Never compute in code what you can compute by hand and just include as constants for immediate lookup; in this case, writing out the table for up to something around n=20 is absolutely trivial, and you can then just use that as your "starting LUT" and probably never even access the high rows.
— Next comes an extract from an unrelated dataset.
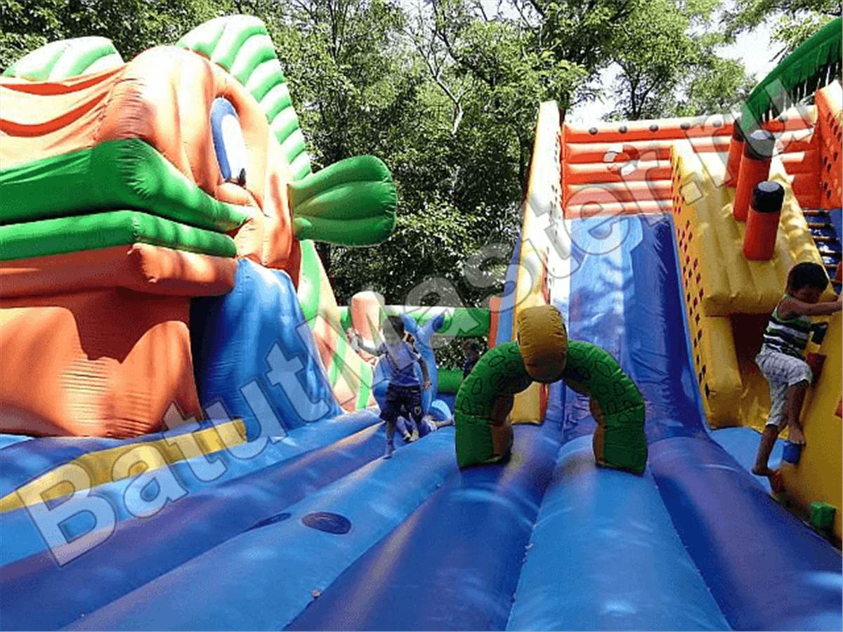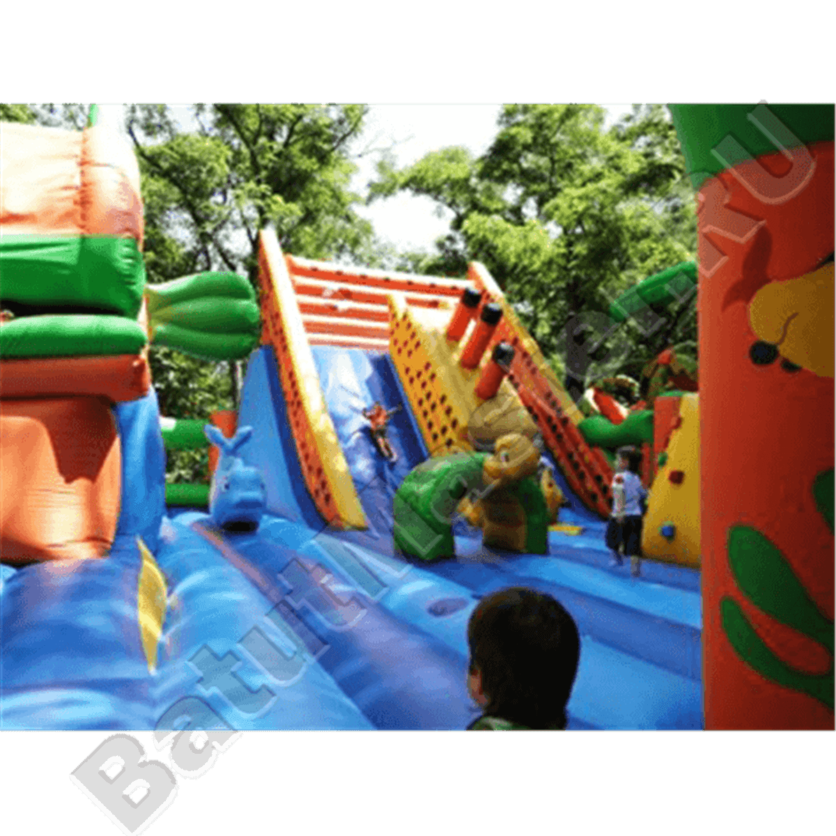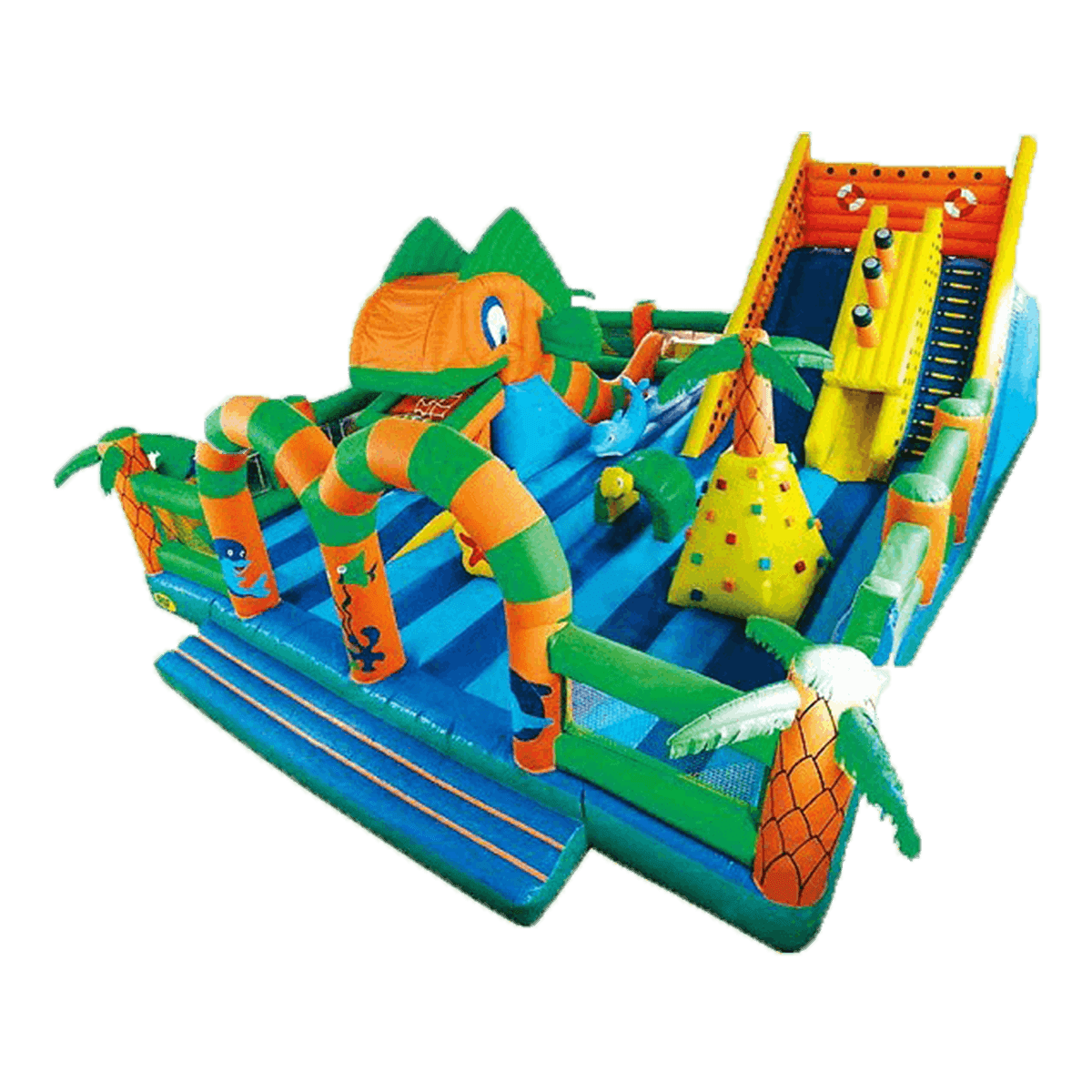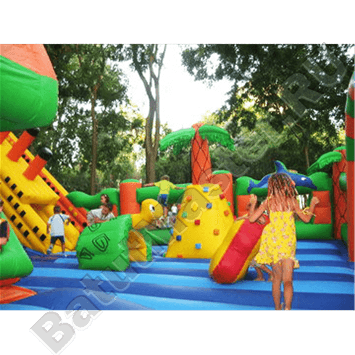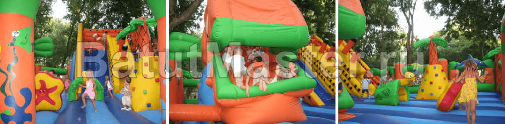 Вход внутрь комплекса двойной из арочных надувных перекрытий, впереди установлен надувной порожек безопасности. Попадая в центральную зону, слева малыши видят огромную надувную рыбку, внутри которой можно прыгать самым маленьким деткам. Конструкция батута позволяет сделать голову рыбки подвижной, что приведет малышей в еще больший восторг. Правая сторона отведена для высокого скалодрома в виде надувной пирамиды с пальмой наверху. По всему периметру мягкой зоны установлены разные спортивные снаряды – мягкие перекрытия в виде тоннелей, фигурки животных и пр.

But, if you do need them, or more, then because you can't build an infinite lookup table you compromise: you start with a pre-specified LUT, and a function that can "fill it up" to some term you need that's not in it yet:

// step 1: a basic LUT with a few steps of Pascal's triangle
const binomials = [
  [1],
  [1,1],
  [1,2,1],
  [1,3,3,1],
  [1,4,6,4,1],
  [1,5,10,10,5,1],
  [1,6,15,20,15,6,1],
  [1,7,21,35,35,21,7,1],
  [1,8,28,56,70,56,28,8,1],
  //  ...
];

// step 2: a function that builds out the LUT if it needs to.
module.exports = function binomial(n,k) {
  while(n >= binomials.length) {
    let s = binomials.length;
    let nextRow = [];
    nextRow[0] = 1;
    for(let i=1, prev=s-1; i<s; i++) {
      nextRow[i] = binomials[prev][i-1] + binomials[prev][i];
    }
    nextRow[s] = 1;
    binomials.push(nextRow);
  }
  return binomials[n][k];
};

Since this is an array of ints, the memory footprint is tiny. For a lot of work involving binomials, we realistically don't even need more than two bytes per integer, making this a minuscule lookup table: we don't need more than 2 bytes until you need binomials higher than n=19, and the full lookup table up to n=19 takes up a measly 380 bytes. This is nothing compared to the rest of your program. Even if we allow for 32 bit ints, we can get up to n=35 in a mere 2380 bytes.

So the lookup is fast: either O(constant) for previously computed values, (n*(n+1))/2 steps if we have no LUT at all (in big O notation, that would be O(n²), but big O notation is almost never the right complexity measure), and somewhere in between for terms we need that aren't in the LUT yet. Run some benchmarks for your application, which will tell you how big your initial LUT should be, simply hard code that (seriously. these are constants, they're are exactly the kind of values that should be hard coded), and keep the generator around just in case.

However, do remember that you're in JavaScript land, and you are constrained by the JavaScript numerical type: integers only go up to 2^53, beyond that the integer property (every n has a distinct m=n+1 such that m-n=1) is not guaranteed. This should hardly ever be a problem, though: once we hit that limit, we're dealing with binomial coefficients that you should never even be using.